PESTE NA CORDA BAMBA

 
JOÃO PESTE
GROOVY NOISE – DADA ROCK
Maxi, Ama Romanta



















           Não há dúvida que Peste gosta de arriscar e experimentar. Só que o experimentalismo é uma faca de dois gumes, podendo resultar em objetos esteticamente fascinantes, mas também em exercícios de pretensiosismo e de vazio. Digamos que neste seu novo disco, o músico, letrista e mentor da Ama Romanta vai de um extremo ao outro. No primeiro caso estão o segundo tema do lado A, “Cocaine, amigo” e, ligeiramente abaixo, “Clio software” que abre o segundo lado. O tema principal “Groovy noise” cumpre perfeitamente as funções que lhe foram destinadas – ser imediatamente atraente e acessível ao ouvido, sem ser vulgar e chamando a atenção para o resto das canções. É uma espécie de chamariz. O tema que em princípio fará vender o disco. O passo em falso é dado com o tema final – “Distante domingo (TL-2 Napoleon)”.

            Analisemos cada um mais detalhadamente e desde o princípio: “Groovy noise” é puro gozo, “Rádio fun fun” povoado de associações livres, “I want to be pop-a-lula in the tears of a clown” e alguns achados ao nível da produção que incluem um solo de guitarra de Jorge Ferraz (atualmente nos Santa Maria Gasolina Em Teu Ventre e inimigo declarado de Peste...) e uns toques de “scratch” da autoria de Rafael Toral. Basicamente é o velho rock ‘n’ roll coberto com a capa e o verniz modernistas.

“Cocaine, amigo” é muito boa (a canção, não a outra). Cantada em inglês, francês e português constrói a melodia a partir da música das palavras. Ambiência irreal e fonética, o cantor fazendo deslizar sonhadoramente a voz por entre os vapores inebriantes da irreal amiga e cantando “tous les mots sont des poèmes que se desfazem na minha [atenção, na ‘minha’ dele] mente”. Sucessão de imagens que, como nuvens, se desfazem ao ritmo flutuante dos ventos da imaginação. Neste tema Peste agradece a colaboração especial dos Sonic Youth, Jimi Hendrix, Butthole Surfers, Led Zeppelin, Kurt Schwitters, Almada Negreiros, Wyndham Lewis, Jean Cocteau e Pablo Neruda. Fica sempre bem um pouco de exibicionismo cultural...

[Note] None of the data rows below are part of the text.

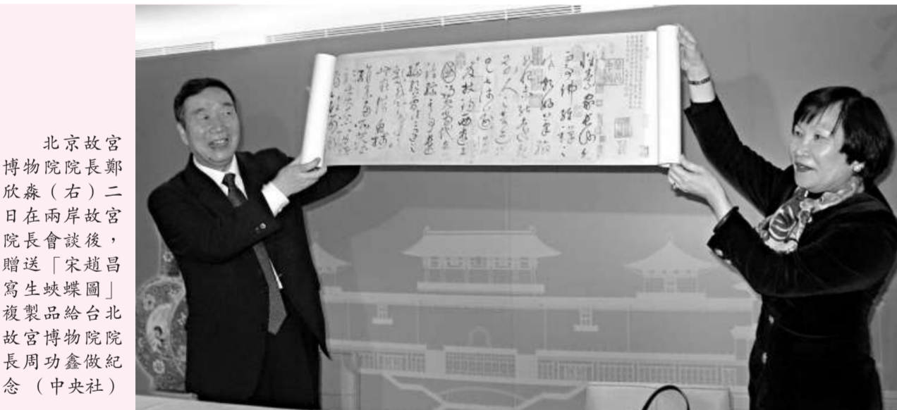
北京故宮博物院院長鄭欣森(右)二日在兩岸故宮院長會談後，贈送「宋趙昌寫生蝶蝶圖」複製品給台北故宮博物院院長周功鑫做紀念

鄭欣森指出，兩院工作人員互稱「同仁」，這意義非同尋常，它和故宮的歷史連接在一起，更多的是共同面向未來。在兩院同心同德的努力下，未來的交流一定會是豐富多彩的好局面。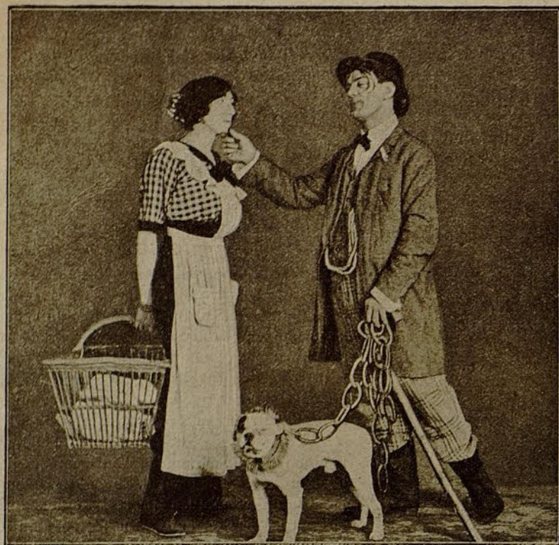
Una escena de la película «Zigoto»

Luego, ofreciendo la mano galantemente á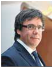
CARLES PUIGDEMONT PRESIDENT DE LA GENERALITAT

“El moment aconsella una mediació, que ha de ser internacional perquè sigui eficaç”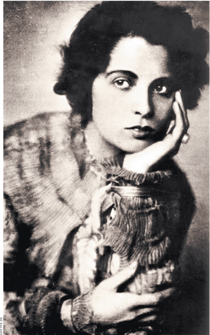
Карола Неер в роли Полли в экранизации «Трехгрошовой оперы» Георга Вильгельма Пабста.

Выставка «Театр жизни Каролы Неер», которая открылась в выставочном зале «Мемориала» на Каретном Ряду, читается как основа пьесы Театра. Дос. Перипетии этой драмы, написанной самой жизнью, документированы очень полно и представлены бережно и точно. Тут есть отчаянные письма Бертольта Брехта Лию Фейхтвангеру с просьбой узнать что-то о судьбе лучшей актрисы его эпического театра. В 1937 году Фейхтвангер тоже в Москве, но в отличие от Каролы Неер в другом статусе — в поисках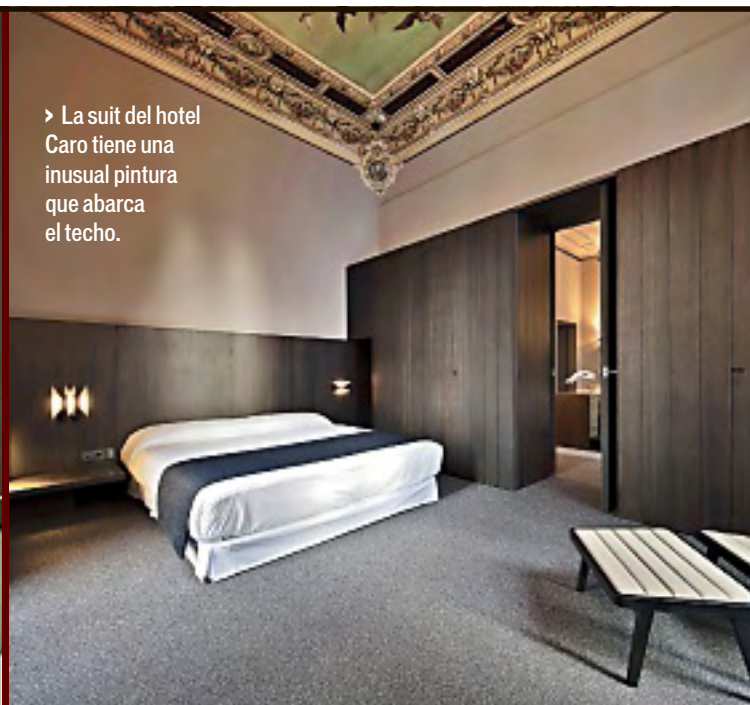
► La suit del hotel Caro tiene una inusual pintura que abarca el techo.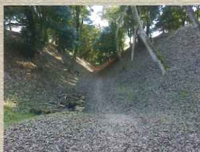
こみねおかのねのだいおほほりきりむがしほり 小峯御鐘ノ台大堀切東堀 小田原城の防衛機能をより堅固なものとして作られたもので、雄大な空堀と土塁が残る。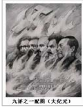
九评之一配图

1840年,被史界认为是中国近代史的开端,也是中国从中古世纪走向现代化的起点。从那时候起,中华文明大概经历了四波的挑战和回应。前三波挑战,可以以1860年英法联军攻入北京,1894年中日甲午战争和1906年日俄在中国东北的战争为冲击肇因所形成的挑战,而中国对之的相应回应,则是器物引进(即洋务运动),制度改良(即戊戌变法和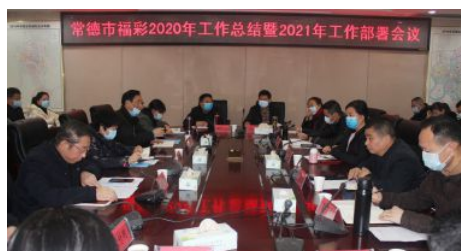
• 常德福彩召开福彩工作会议

稳妥开展中福在线游戏退市停销工作，确保了全市停销工作平稳顺利实施；大力做好新游戏上市工作，共有200家福彩专营投注站开通快乐8游戏；大力开展营销活动和渠道建设，共有1个销售亭、22个投注站被评为文明投注站。全市新增销售亭5个、行业合作网点21个、净增投注站34个。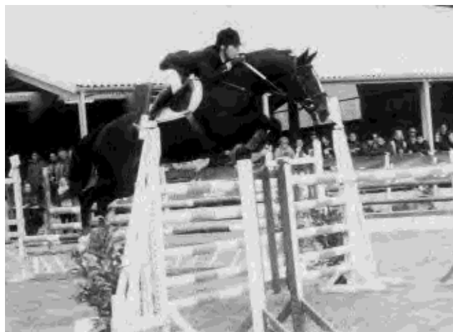
Riton de Courgeron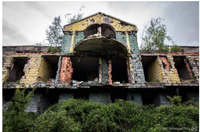
De VN-militairen waren gelegerd in het Rainbow Hotel, dat in mei 1992 zwaar werd beschoten.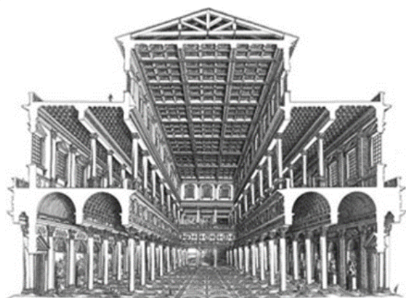
Basilica Ulpia (Traianus bazilikája)

A bazilikális tér évszázadokon keresztül meghatározta a keresztény szakrális építészetet. Az örmény és szír ókeresztények gyülekezeti templomaitól egészen az angol és francia gótikus katedrálisokig ez volt a domináns térformálása a templo-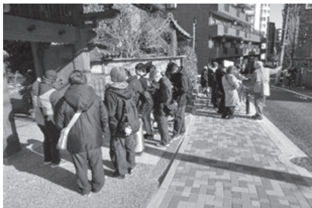
善光寺坂でお話を聞く

まち歩きのガイドは、文京ふるさと歴史館まち案内ボランティアをお願いし、コースと資料の作成、案内していただきました。コースについては、文京区の特徴がわかる場所をめぐるということで打ち合わせを行い、「文京区内徳川家ゆかりの地を訪ねる」というテーマで、傳通院、小石川後樂園、湯島聖堂などを歩きました。限られた時間の中で、様々な地域資源が入るように配慮したコースとなりました。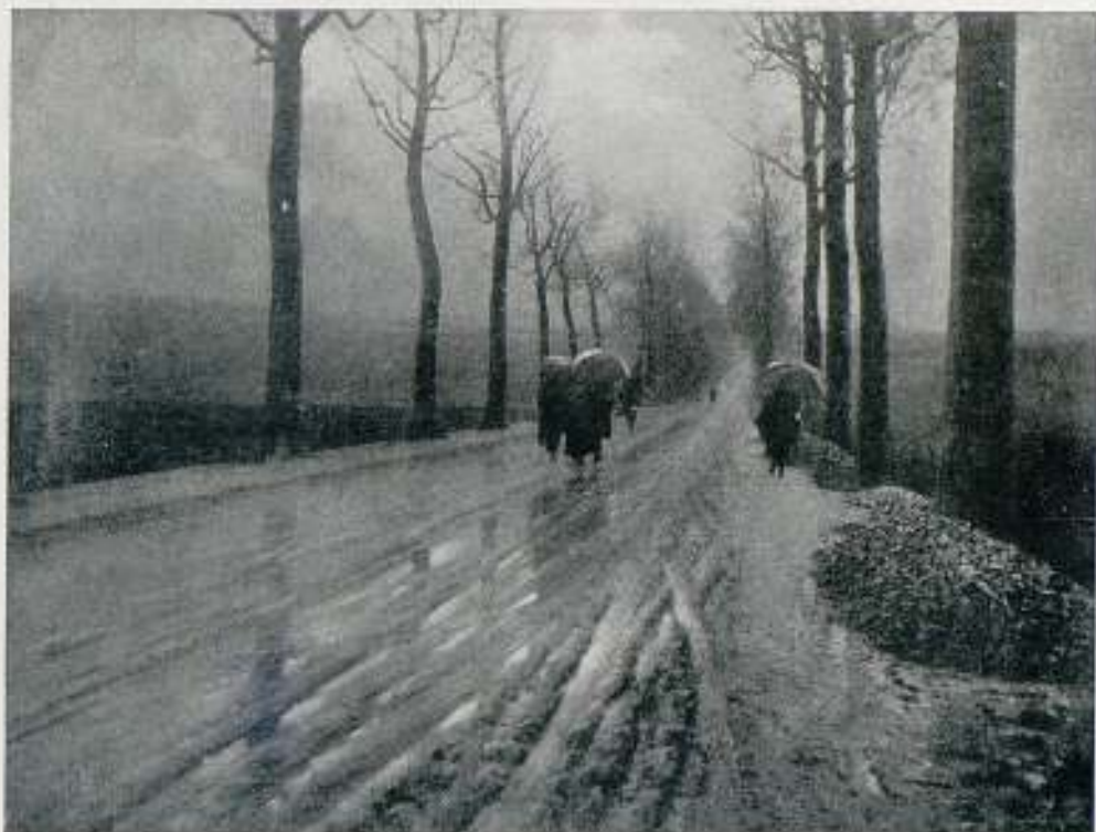
"SALE TEMPS" MEDALLA DE PLATA Salón Internacional de Zaragoza

            “Clio software” é outra alucinação sonora e João Peste revela-se um autêntico psicadélico. A letra refere-se à pessoa amada cujo cérebro, quando ligado ao ecrã do televisor, faz Peste “delirar com as imagens escondidas na sua mente”. Imagens de “losangos e quadrados de cores” que, afirma, “nem sabiam que existiam”. É o que faz abusar!... Trata-se de uma canção cibernética (seja lá o que isso for) que fala de “Cristo abençoando um prédio cinzento”, Coca-Cola, néons e Nova Iorque, sobre um ritmo eletrónico decalcado dos Suicide e o cantor lembrando vagamente os trejeitos vocais de Philip Oakley, dos Human League. Destaque para a intervenção de Rodrigo Amado, no saxofone. Apesar dos “encostos” o tema funciona, conseguindo criar o ambiente “Blade Runner” pretendido.

            “Distante domingo” é que se torna perfeitamente dispensável. João deixa de ser Peste para querer ser Villaret e o resultado é lamentável. O texto é declamado e enfia no mesmo saco o espírito de Rimbaud, o computador central de Helsínquia, soldados castanhos e um jacinto vermelho. Loucura controlada? Nem por isso. O “poema” não tem a força que lhe permita dispensar o apoio musical, que aqui se apaga quase completamente, afundando-se as palavras na voz monocórdica e dolente do seu autor.

Sintetizando: o maxi está muitos furos acima da produção média nacional, reiterando o que já se sabia – ser João Peste uma das personagens mais invulgares e provocadoras do nosso meio musical, capaz do melhor e do pior. Neste caso de ambos.